21:23:36 llm.1  | ✔ Environment max-pipelines was already up-to-date.
21:23:36 llm.1  | cat: .env: No such file or directory
21:23:38 llm.1  | /home/rfellows/.modular/envs/max-pipelines/lib/python3.12/site-packages/transformers/utils/hub.py:106: FutureWarning: Using `TRANSFORMERS_CACHE` is deprecated and will be removed in v5 of Transformers.

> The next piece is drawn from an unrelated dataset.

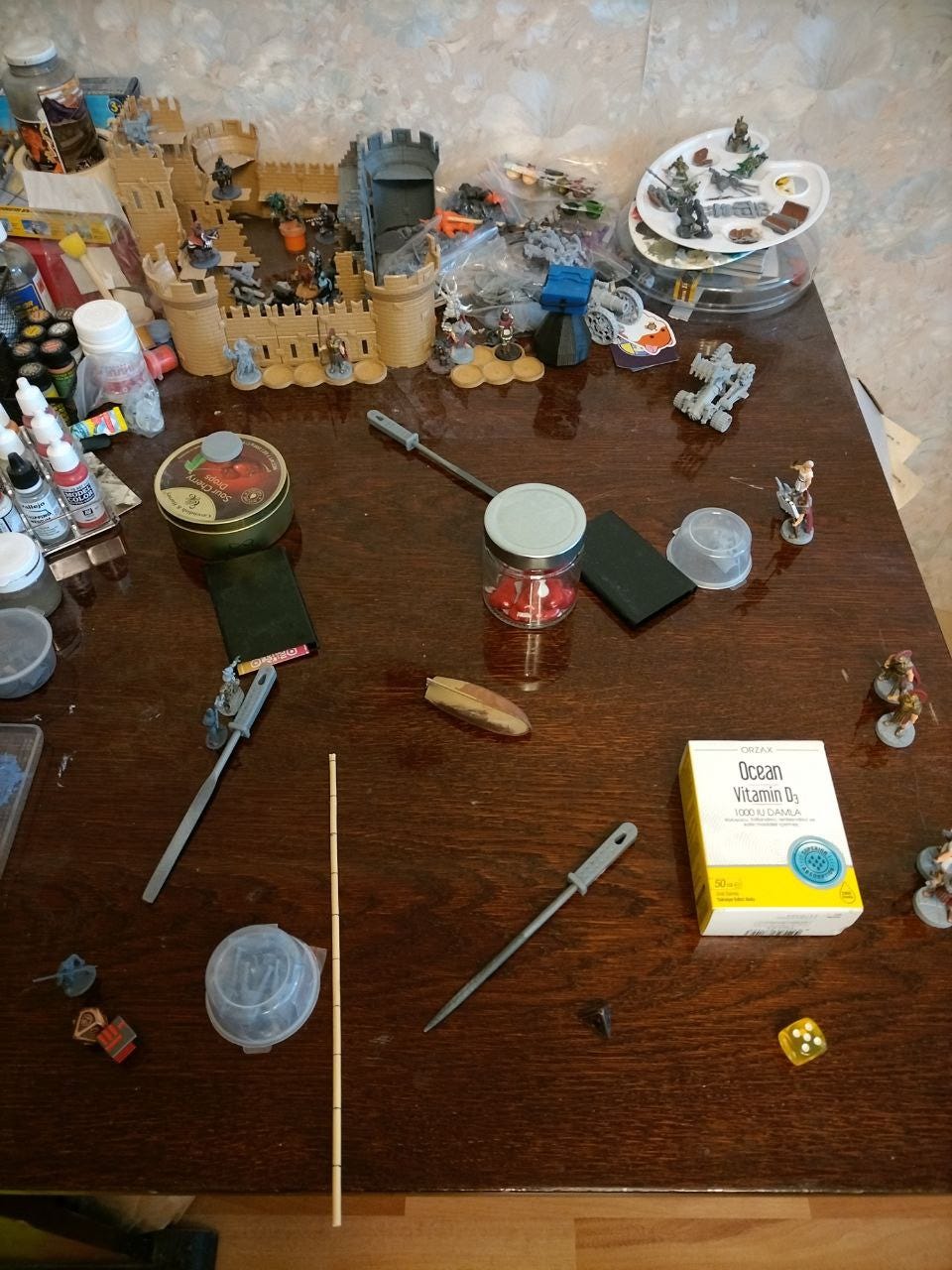 Полные затраты на этот бардак составили около 2 тысяч рублей, потраченных на начальный набор миниатюр и красок. Естественно, на варгеймы в целом я потратил куда больше - но для новичка, который хочет купить дюжину солдатиков и сыграть свою первую игру, этого достаточно. На прощание прилагаю фото импровизированного террейна, которым игрался первый бой кампейна - о нём в следующем посте.

Use `HF_HOME` instead.
21:23:38 llm.1  |   warnings.warn(
21:23:39 llm.1  | Traceback (most recent call last):
21:23:39 llm.1  |   File "/home/rfellows/.modular/envs/max-pipelines/bin/max-pipelines", line 6, in <module>
21:23:39 llm.1  |     from max.entrypoints.pipelines import main
21:23:39 llm.1  |   File "/home/rfellows/.modular/envs/max-pipelines/lib/python3.12/site-packages/max/entrypoints/__init__.py", line 17, in <module>
21:23:39 llm.1  |     from .llm import LLM
21:23:39 llm.1  |   File "/home/rfellows/.modular/envs/max-pipelines/lib/python3.12/site-packages/max/entrypoints/llm.py", line 34, in <module>
21:23:39 llm.1  |     from max.serve.pipelines.model_worker import start_model_worker
21:23:39 llm.1  |   File "/home/rfellows/.modular/envs/max-pipelines/lib/python3.12/site-packages/max/serve/pipelines/model_worker.py", line 9, in <module>
21:23:39 llm.1  |     configure_metrics(Settings())
21:23:39 llm.1  |                       ^^^^^^^^^^
21:23:39 llm.1  |   File "/home/rfellows/.modular/envs/max-pipelines/lib/python3.12/site-packages/pydantic_settings/main.py", line 171, in __init__
21:23:39 llm.1  |     super().__init__(
21:23:39 llm.1  |   File "/home/rfellows/.modular/envs/max-pipelines/lib/python3.12/site-packages/pydantic/main.py", line 214, in __init__
21:23:39 llm.1  |     validated_self = self.__pydantic_validator__.validate_python(data, self_instance=self)
21:23:39 llm.1  |                      ^^^^^^^^^^^^^^^^^^^^^^^^^^^^^^^^^^^^^^^^^^^^^^^^^^^^^^^^^^^^^^^^^^^^^
21:23:39 llm.1  | pydantic_core._pydantic_core.ValidationError: 1 validation error for Settings
21:23:39 llm.1  | port
21:23:39 llm.1  |   Value error, port 8000 is already in use [type=value_error, input_value=8000, input_type=int]
21:23:39 llm.1  |     For further information visit https://errors.pydantic.dev/2.10/v/value_error
21:23:40 llm.1  | Attempt 1 failed, retrying...
^C21:23:41 system | SIGINT received
21:23:41 system | sending SIGTERM to llm.1 (pid 2584200)
21:23:41 system | sending SIGTERM to main.1 (pid 2584202)
21:23:41 system | llm.1 stopped (rc=-15)
21:23:41 system | main.1 stopped (rc=-15)

Environment

Notice that I specifically stated to run on port 8001 in the "main.py" file, however; the underlying code still tries to run on port 8000.

Code of Conduct

I agree to follow this project's Code of Conduct

Update:

Note: The problem seems to arise in part because of the process trying to create yet another magic environment. Given that I had a project, and was already running the magic shell, I didn't need further invocation, which only created problems.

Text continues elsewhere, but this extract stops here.